Answer: Data volume (production has 100x more data) or network latency (cross-region reads).
Explanation: Staging ≠ production—always test in the exact customer environment.

3. You’re designing a schema for a disaster response app. The data includes unpredictable fields (e.g., “damage_type” could be “flood,” “fire,” or “earthquake”). Do you use SQL or NoSQL?
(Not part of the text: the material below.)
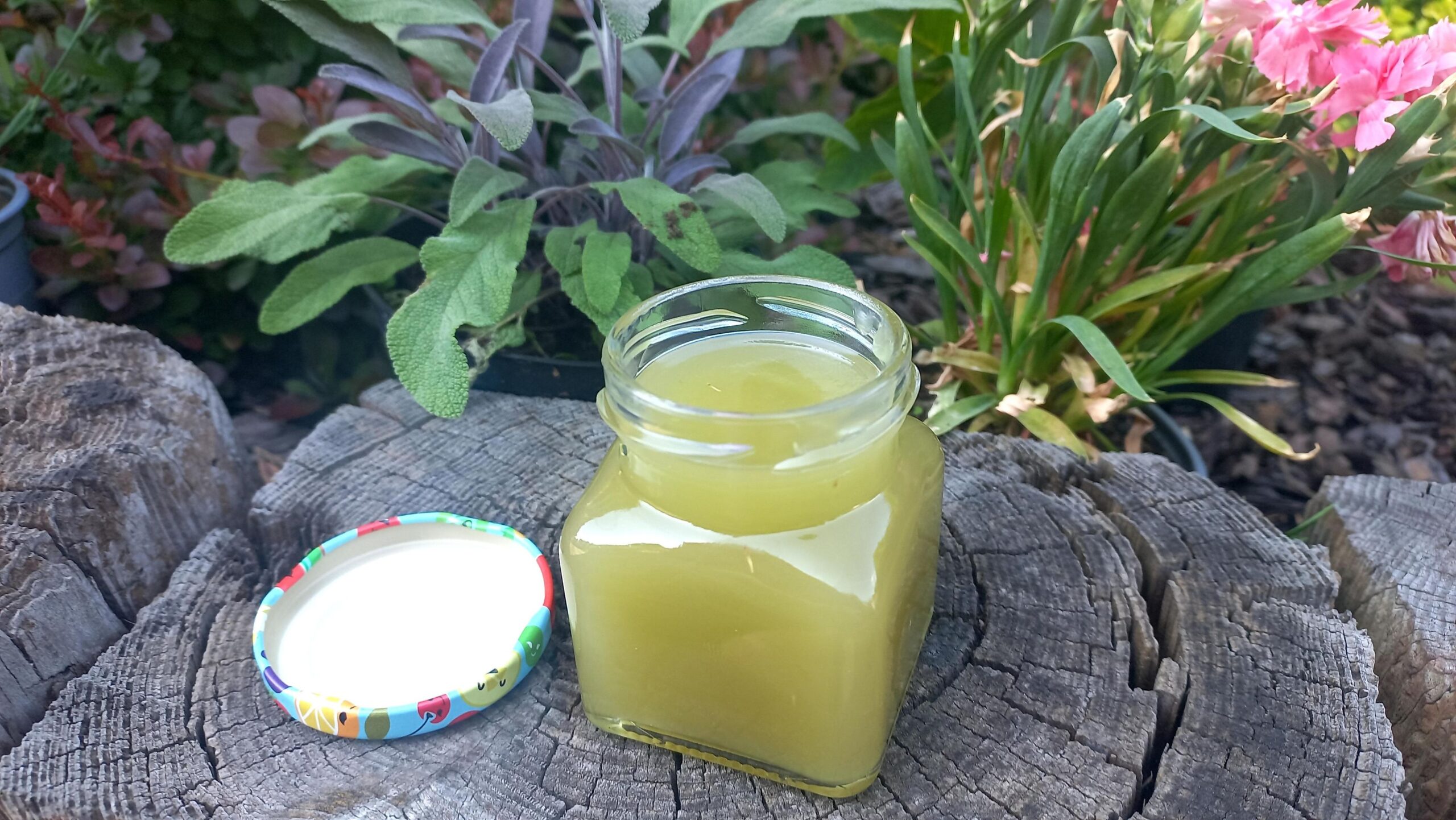 Mazidło wrotyczowe na smalcu gęsim stworzone wedle tradycyjnej receptury, metodą maceracji na ciepło w kąpieli wodnej.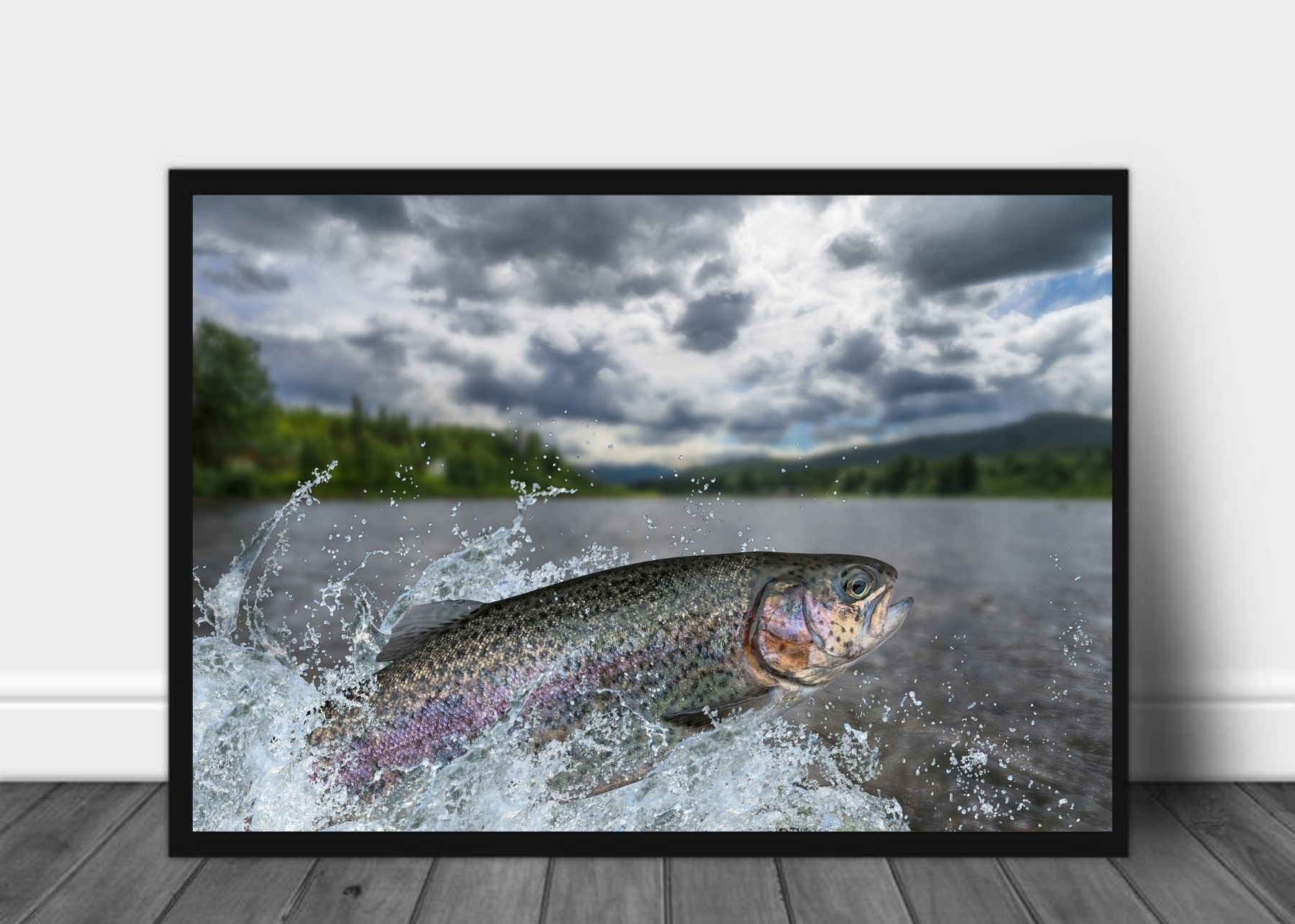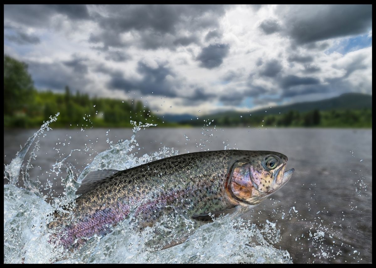Fantastisk plakat av en flott regnbue ørret som hopper etter insekter

Answer: NoSQL (e.g., MongoDB) because the schema is flexible and hierarchical.
Explanation: NoSQL handles unpredictable data better than rigid SQL schemas.

Last-Minute Cram Sheet

1. ⚠️ Always test in the exact customer environment – What works in your lab will break behind their firewall.
2. PostgreSQL default port: 5432 | MySQL default port: 3306 | MongoDB default port: 27017.
3. ACID = SQL (PostgreSQL, MySQL) | BASE = NoSQL (MongoDB, DynamoDB).
4. Indexing trade-off: Faster reads, slower writes. Test in production!
5. Partitioning: Split tables by range (e.g., by date) | Sharding: Split data across machines.
6. Materialized views: Pre-compute slow queries (e.g., REFRESH MATERIALIZED VIEW mv_name;).
7. Air-gapped databases: Use SQLite, DuckDB, or offline PostgreSQL installers.
8. Row-Level Security (RLS): CREATE POLICY policy_name ON table USING (condition);.
9. Change Data Capture (CDC): Debezium, AWS DMS (for syncing databases).
10. Dead Letter Queue (DLQ): Capture failed records (e.g., AWS SQS DLQ, Kafka dead-letter topics).